An agent that can generate and execute code treats code generation as a tool call and code execution as the outcome. If the generated code contains a known-dangerous pattern, no amount of prompt engineering stops it from running once the execute call goes through. Static analysis closes that gap: it scans every code artifact the agent emits against a rule set before execution is permitted, catching the vulnerability patterns the same tooling already catches in human-written code.

Least-privilege tool scoping — a hard boundary on what each tool exposes T2

Each tool in an agent's catalog should expose only the methods, resources, and parameter ranges its designated role requires.

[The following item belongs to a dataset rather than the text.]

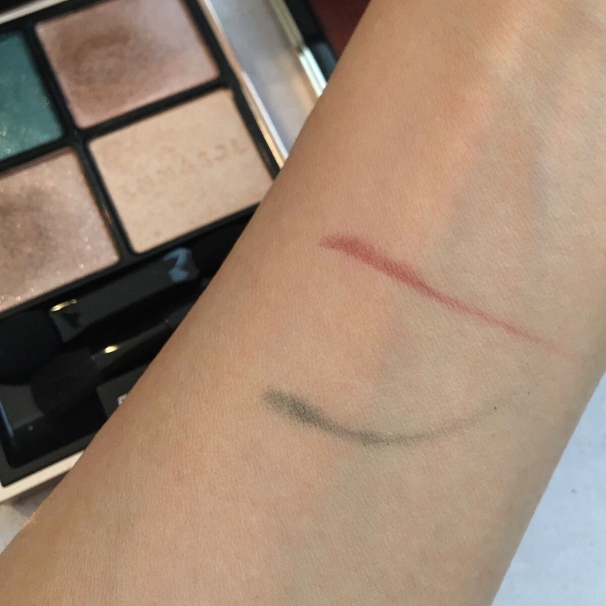 全体的に淡い色出しの中、ポイントになるのは右下のトップコート。他のカラーに重ねるとぐっと奥行きが出ます。 「328」は当初購入候補ではありませんでしたが、実際に触って、試してみるとモーヴ好きにはたまらないパレットで即決でした!

Over-broad tool surfaces let individually authorised primitives compose into actions no human intended to grant; narrowing the scope at design time reduces both the attack surface and the blast radius of any compromise.

Intent attestation tokens — a cryptographic binding from user approval to tool execution T3

An agent acts on behalf of the user, but nothing in a standard OAuth bearer token records what the user actually approved. If the agent's planning is manipulated, it can invoke tools with parameters the user never sanctioned, while presenting credentials that look valid. Intent attestation fixes this by issuing a short-lived signed token that encodes the exact action and parameter envelope the user authorised, and requiring the resource server to verify that envelope before executing the call.